Microsoft Wants to Kill Windows?

About five years ago, if you had asked me if I wanted or needed native apps, I would have answered with a resounding “yes.” However, things have changed. With significant changes to how we connect to the internet, how much data we can store on our servers, and how we all use the internet, cloud computing is becoming increasingly popular.

So, with all of these changes, I want to talk about how Microsoft, the world’s most popular operating system company, could eventually kill off Windows, their most popular product.


Xbox Game Pass Ultimate

Who would have thought that one of the biggest names in video game hardware would try to undervalue their product completely? Xbox Game Pass Ultimate is trying to do just that. You don’t need standard PC hardware like an i7, Nvidia 3080, 128GB of RAM, or PCIe Gen 5 SSDs to play games anymore. You don’t even really need a standard operating system.

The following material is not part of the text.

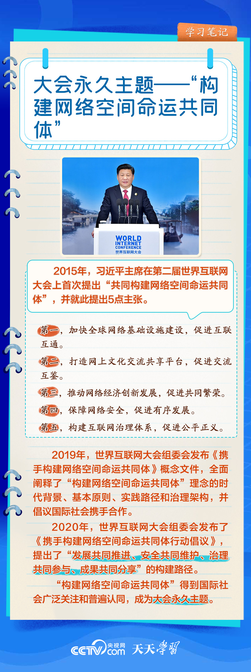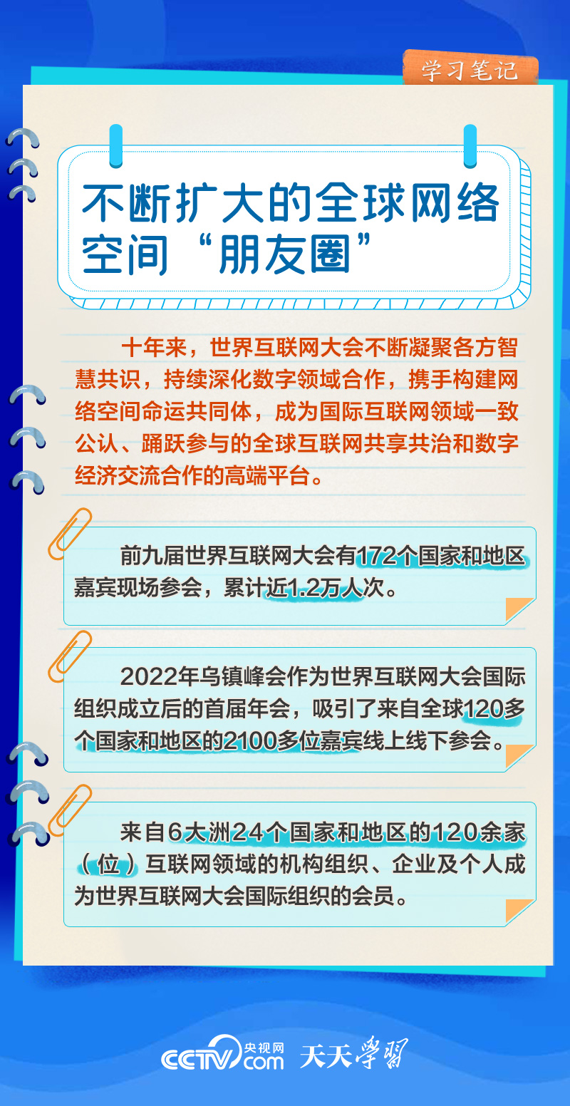 前九屆世界互聯(lián)網(wǎng)大會,習近平主席或親臨現(xiàn)場發(fā)表主旨演講,或視頻致辭,或向大會發(fā)來賀信,以不同形式關(guān)心大會舉辦。央視網(wǎng)《天天學習》欄目推出學習筆記,與您一起了解世界互聯(lián)網(wǎng)大會的十年“網(wǎng)”事。

When Halo Infinite came out for Xbox Series X a few months ago, it also came out for Xbox Game Pass. I was able to sign up for the service (it cost me $1 at the time), login on to my 2019 Android phone, and stream the game’s high-quality visuals to my cellphone with few to no severe performance problems.

If that doesn’t say Windows is dead, I don’t know what does. Xbox Game Pass has a lot of value, and it’s not even bad for Windows until you realize that you don’t even need a Windows device to use it!


I’ve played many other games besides Halo Infinite, like Battle Toads, Gears of War, Halo Wars, and even Forza! It seems like only a matter of time before more and more gamers realize that they don’t need to play games on Windows anymore.

The Cloud Office

If Windows is Microsoft’s most well-known product ever, then Microsoft Office and the hardware that goes with it are probably their second most well-known product ever. People don’t tell you to open a word processor or a spreadsheet; they ask you to spread Word and Excel.


Even if you’re a big fan of Google Drive and use its services much more, it’s hard not to notice how good Microsoft’s cloud services are. Whether you want to work on some articles in Word or make a complete diagram in Microsoft Visio, the cloud solutions for Microsoft Office are getting close to having the same features.

They don’t require any downloads and can be easily moved from one computer to the next. You don’t have to worry about whether or not your files are synced with OneDrive. Instead, you can quickly get to all of your files from any device with a browser.


Windows users are having a hard time because Microsoft keeps moving its platform to the cloud. After decades of dominance, other operating systems are starting to look good.


I used to love Windows, but as I’ve become more involved in the Google ecosystem, I’ve wondered if I even need a Windows-based device. That said, I think Microsoft is even admitting that they might lose now.


As more and more platforms and solutions are built into a web page, more and more people will start to wonder if it matters what OS they use. This is what I think about how Microsoft is slowly killing off its most successful product after dominating the market for decades.

Now I want to hear what you all think. Will Windows still be the most popular operating system in the future? Will operating systems even be a thing in five years? Share your ideas and thoughts in the space below!